MADRID, June 10 (Reuter) - European Union EU fisheries commissioner Emma Bonino met Spanish leaders on Saturday to discuss ways to unblock stalled talks with Morocco on a new fishing agreement.
Bonino spent 90 minutes with Prime Minister Felipe Gonzalez and Foreign Minister Javier Solana after breakfast with Agriculture and Fisheries Minister Luis Atienza, seeking ways to revive negotiations which ended their latest session in Rabat on June 2 without agreement or a resumption date.
Solana told reporters after the meeting at Gonzalez's Moncloa Palace office the positions of Morocco and the EU in the fishing talks were still far apart.
Spain and the EU were willing to make adjustments to their position. "But we cannot accept an agreement which is not balanced," he said.
"The position of Morocco at the moment is unacceptable to Spain and to the European Union."
The last EU-Moroccan agreement on fishing in Moroccan waters expired on April 30, since when some 650 Spanish and 50 Portuguese fishing boats have been idle in harbour pending negotiation of a new accord.
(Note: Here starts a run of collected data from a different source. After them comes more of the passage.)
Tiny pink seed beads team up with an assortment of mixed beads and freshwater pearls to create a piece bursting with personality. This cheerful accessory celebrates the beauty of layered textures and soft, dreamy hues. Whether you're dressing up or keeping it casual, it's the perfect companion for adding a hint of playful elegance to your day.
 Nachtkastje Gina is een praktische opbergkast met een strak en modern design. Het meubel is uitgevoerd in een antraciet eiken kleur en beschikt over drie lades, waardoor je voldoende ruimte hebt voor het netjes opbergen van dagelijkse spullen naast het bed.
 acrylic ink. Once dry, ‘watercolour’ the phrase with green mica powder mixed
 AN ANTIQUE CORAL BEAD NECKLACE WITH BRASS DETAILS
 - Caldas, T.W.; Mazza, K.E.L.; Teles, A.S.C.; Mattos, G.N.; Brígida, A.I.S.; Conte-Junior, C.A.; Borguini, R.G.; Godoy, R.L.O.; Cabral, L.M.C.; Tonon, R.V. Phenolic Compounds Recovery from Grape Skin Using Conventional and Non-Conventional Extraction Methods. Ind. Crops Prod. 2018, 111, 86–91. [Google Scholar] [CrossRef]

The EU does not accept Morocccan demands for severe cuts in catches of all types of fish and a major increase in landings of fish in its own ports. Morocco on June 2 rejected EU counterproposals.
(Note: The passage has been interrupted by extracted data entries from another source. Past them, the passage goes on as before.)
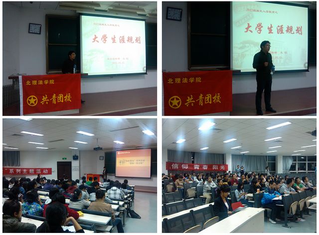 成长之路精彩纷呈,青春故事别样多彩。2012年10月12日,米兰milan官方网站法学院新生入学教育 “如此爱法”系列活动之“借我一双法眼”青春榜样报告会,在良乡校区理科教学楼102成功举办。首先,上台与大家分享成长故事的是现为光电学院辅导员的汤琪。汤琪曾任法学院学生会主席,他以幽默的表达方式结合自身经历告诉同学们参与学生工作的重要性以及如何充实大学生活。第二位讲述者是全国大学生自强之星吴拉尔斯•哈列汉。从毫无英语基础、普通话水平差到大二过四级、顺利通过司法考试,并最终以优异的成绩保研。大学四年,他实现了奇迹般的蜕变。他为同学们带来了“因感恩而努力”的报告,用自己的经历告诉大家要感恩和努力学习。
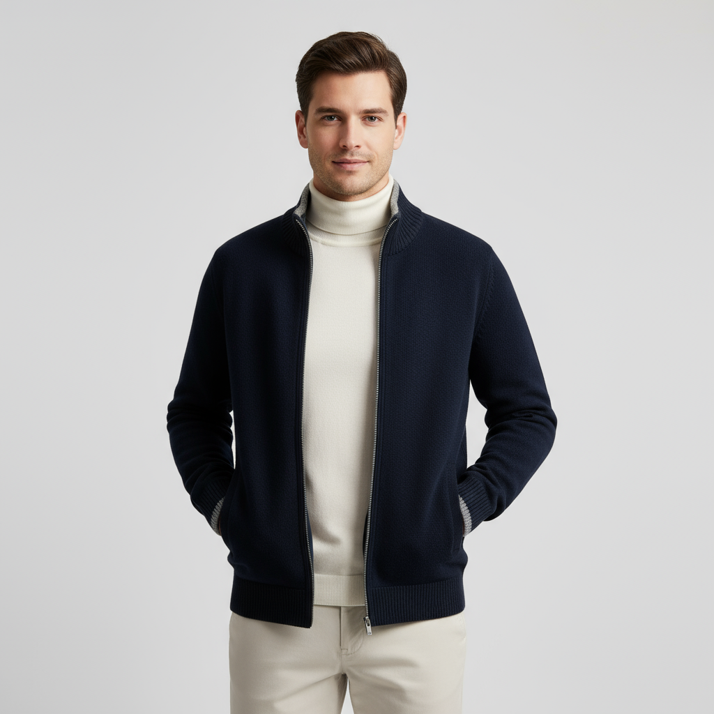 Imaginez un vêtement qui caresse votre peau et vous accompagne avec élégance toute la journée. Que vous alliez au travail, en voyage ou que vous profitiez du week-end, ce gilet zippé en maille vous assure une allure élégante et un confort absolu. Une combinaison parfaite d’élégance et de praticité, pensée pour l’homme qui avance avec assurance et style.
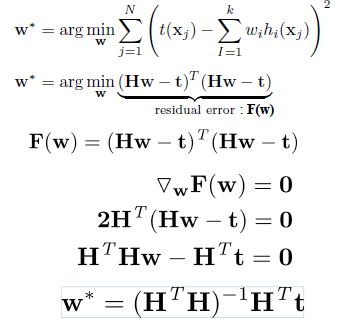 그럼 포물선 형태로 모델링을 했는데 왜 linear regression이냐... 할 수 있지만, 기저함수와 weight의 선형조합으로 target값을 예측했다는 것을 알 수 있다. 그래서 이런 모델링을 linear regression이라고 한다. 좀 더 general하게 추정한 값을 식으로 정리하면 아래와 같다.
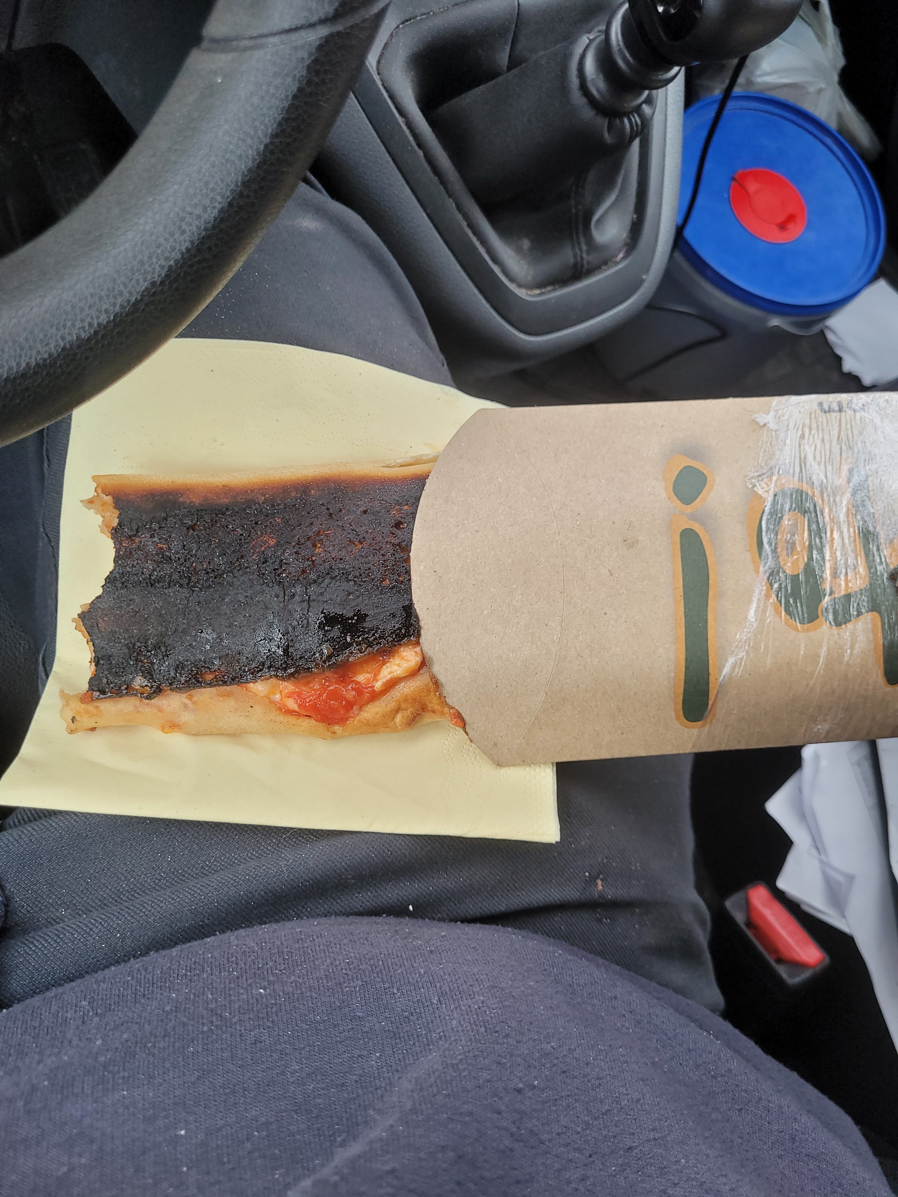 Ouvrez vos boîtes avant de partir!!! Pizza cramée!!
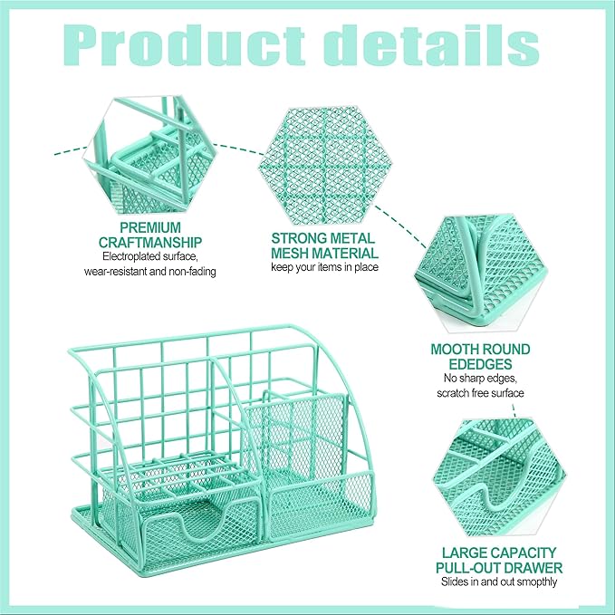 - 【Elegant Desk Organizers】Our cute and stylish desktop organizer features 5 separate compartments and 1 mini sliding drawer. The desktop organizer is adopting with a powder coat finish and electroplating technology ,wear-resistant, anti-oxidation, and long lasting and does not fade . The rounded corners metal rim and trim add to the visual appeal, and protect your desk.
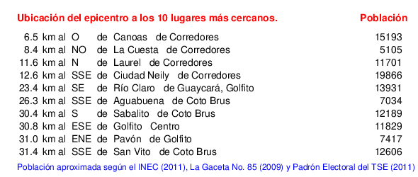 Mapa de la zona epicentral. Se muestran las poblaciones más cercanas al epicentro y fallas activas. Abajo están las distancias que hay del epicentro a cada uno de los diez sitios más cercanos y la cantidad de habitantes que poseen.
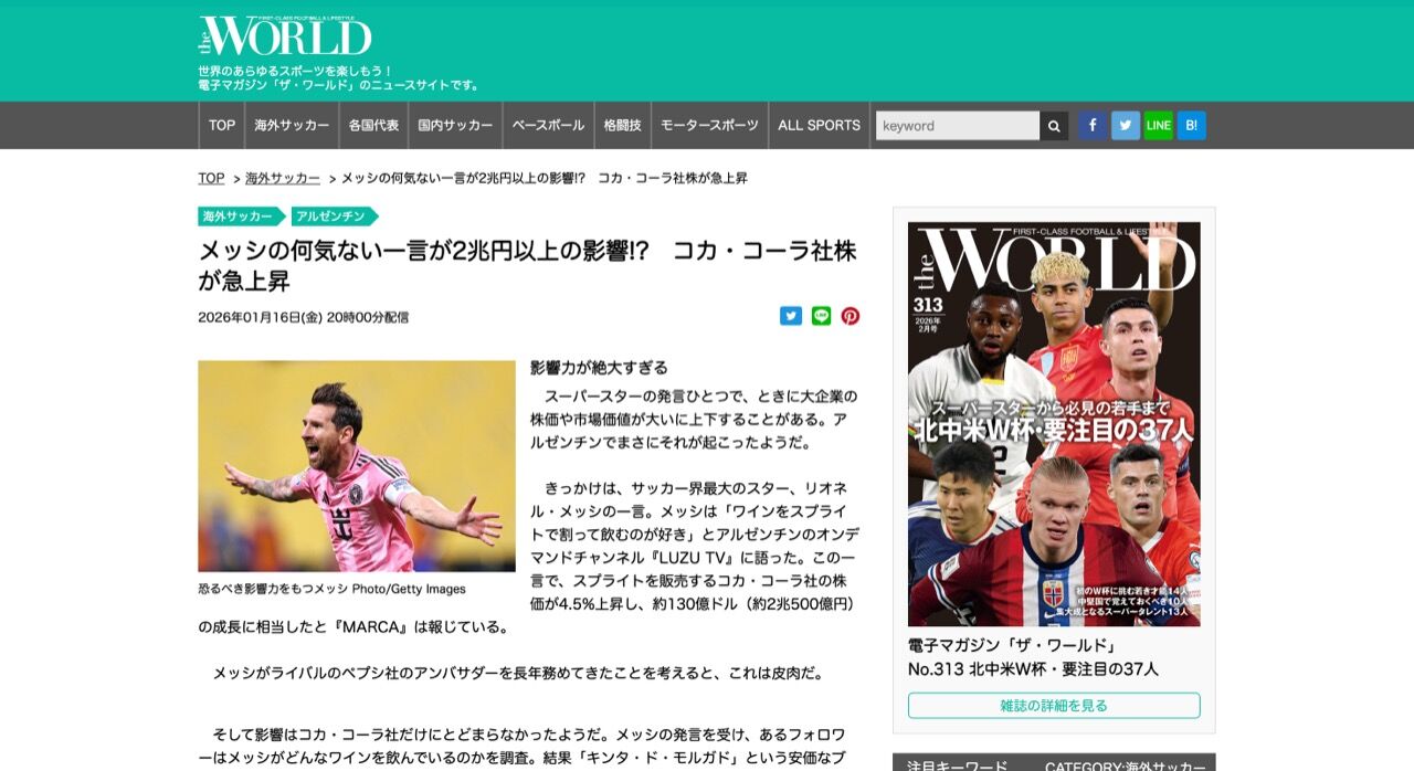 きっかけは、サッカー界最大のスター、リオネル・メッシの一言。メッシは「ワインをスプライトで割って飲むのが好き」とアルゼンチンのオンデマンドチャンネル『LUZU TV』に語った。この一言で、スプライトを販売するコカ・コーラ社の株価が4.5%上昇し、約130億ドル(約2兆500億円)の成長に相当したと『MARCA』は報じている。

Fishermen's guilds in Algeciras and other Andalusian ports agreed on Friday to continue blocking entry of Moroccan fish into Spain in protest against lack of a new accord and Morocco's stance in the negotiations.
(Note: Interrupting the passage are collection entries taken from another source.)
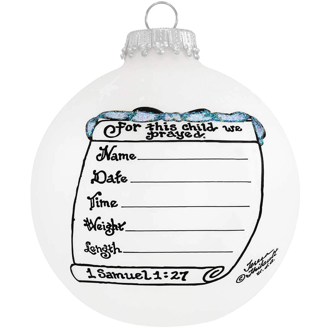 Uniquely crafted with inspired brush strokes and beautiful glitter accents, this charming 3ΒΌ” glass ornament is the perfect way to celebrate the beautiful miracle that has been born into your life! Handpainted in the U.S.A. from a design inspired by Teresa Thibault, this personalized baby boy birth statistics Heart Gifts ornament comes attractively packaged for easy gift giving. Sentiment on ornament reads:
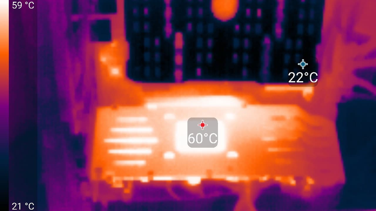 В режиме простоя в 2D и при просмотре видео температура была не выше 26,8 °C, вентиляторы вращались на скорости 810 оборотов в минуту, уровень шума остался на уровне фонового — 18 дБА.
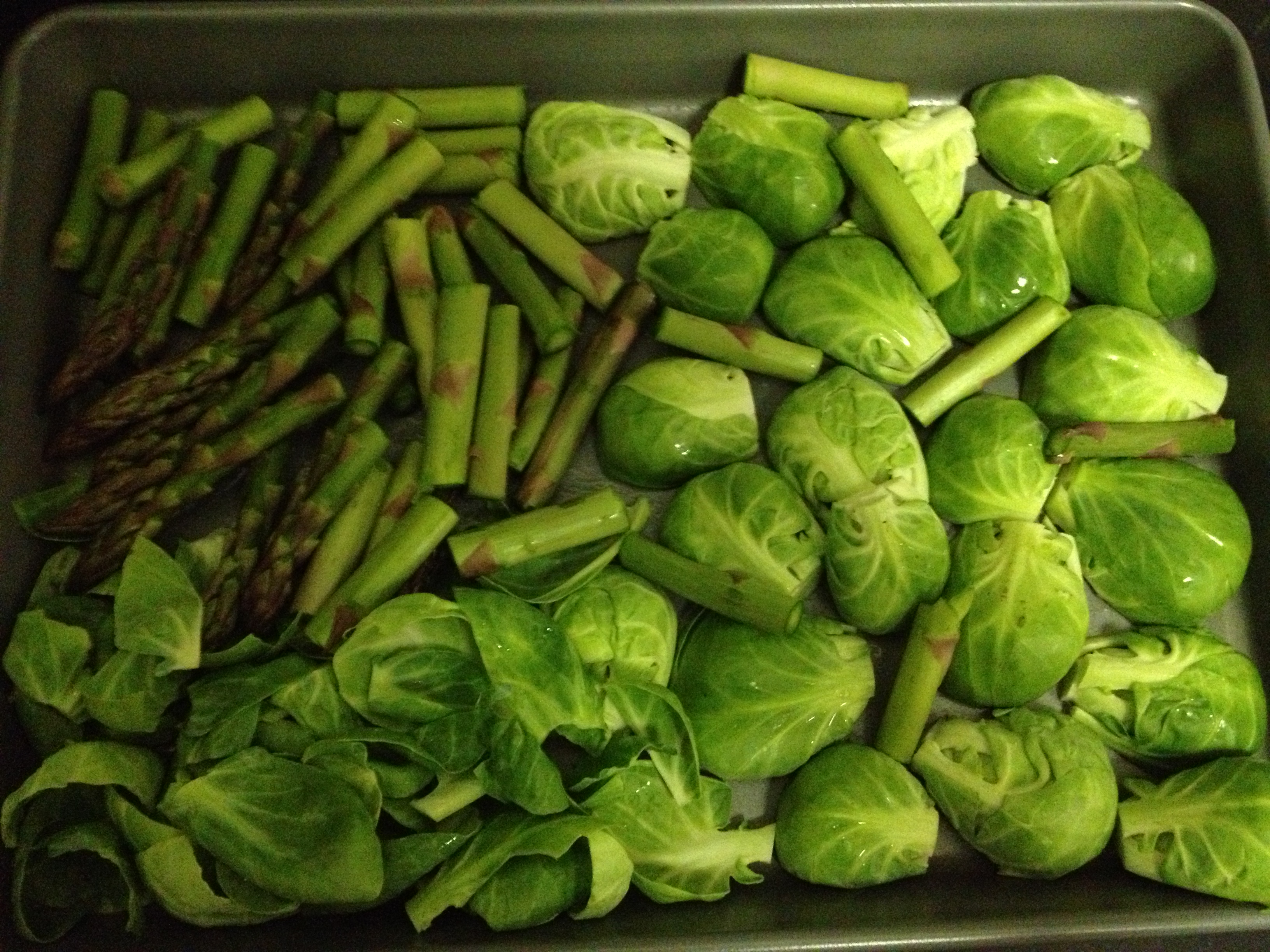 Asparagus and brussels ready to roast in the oven…not pictured (naturally I forgot) is another big sheet where I roasted parnsips, carrots, and eggplant

Solana repeated the Spanish government's rejection of the fishermen's blockade as damaging to prospects for an agreement. "It is just throwing stones through our own roof," he said.
Bonino also urged an end to the blockade. "It does not help at all. It is an illegal act which doesn't help anyone...either in securing solidarity of European public opinion or in the negotiations."
The previous EU fishing deal with Morocco was the Union's most important external fisheries agreement, providing a livelihood for 28,000 fishermen and fish processors in southern Spain, Portugal and the Canary Islands.